Director Cheyenne Barboza, who is the community partnerships and literary associate at Long Wharf. The set behind her is the work of New Haven artists Marsh and D. Douglas.
“We put our heads together, and we said: Why don’t we bring live theater out of the darkness of indoor theaters and the stuffiness of it all sometimes, and bring it out to where we can enjoy it, where we can be communal in spaces,” said Director Cheyenne Barboza. “Like [Long Wharf Theatre Artistic Director] Jacob [Padrón] says all the time, there are many stages in our community, and they don’t all live indoors.”

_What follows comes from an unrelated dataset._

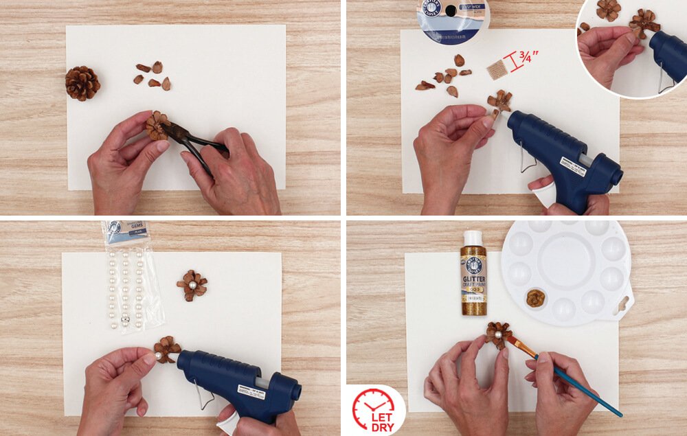 Paint the pinecone flower with gold glitter paint. Let dry.

Set in the 1970s and based on Stew’s own journey of self-discovery, Passing Strange follows Youth (Jordan Maia) as he leaves his mother (Thabisa Rich) and middle-class Los Angeles upbringing in search of “The Real,” that sweet spot where he can be fully himself as a Black kid from L.A. who likes psychedelics, Zen Buddhism, punk rock, and rock and roll.

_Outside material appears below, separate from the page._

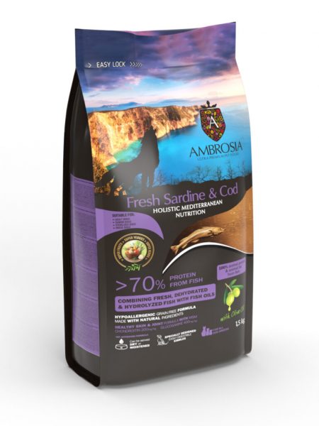 HOLISTIC MEDITERRANEAN NUTRITION FOR DOGS Ambrosia Fresh Sardine & Cod recipe combines easily digestible fish protein. It is specially formulated

It is narrated by a wiser, present-day version of Stew (an electrifying Shafiq Hicks who leaves no hope for the fourth wall) and cast members who shape-shift from church musicians and pastoral leaders to Dutch sex kittens, avant-garde performance artists, and characters ready for their close up in a film from Maurice Pialat or Claude Chabrol. Along the way, Youth trips his way from the City of Angels to Amsterdam and onto Berlin, realizing along the way that “The Real” isn’t so real at all—and far more complicated than he once thought.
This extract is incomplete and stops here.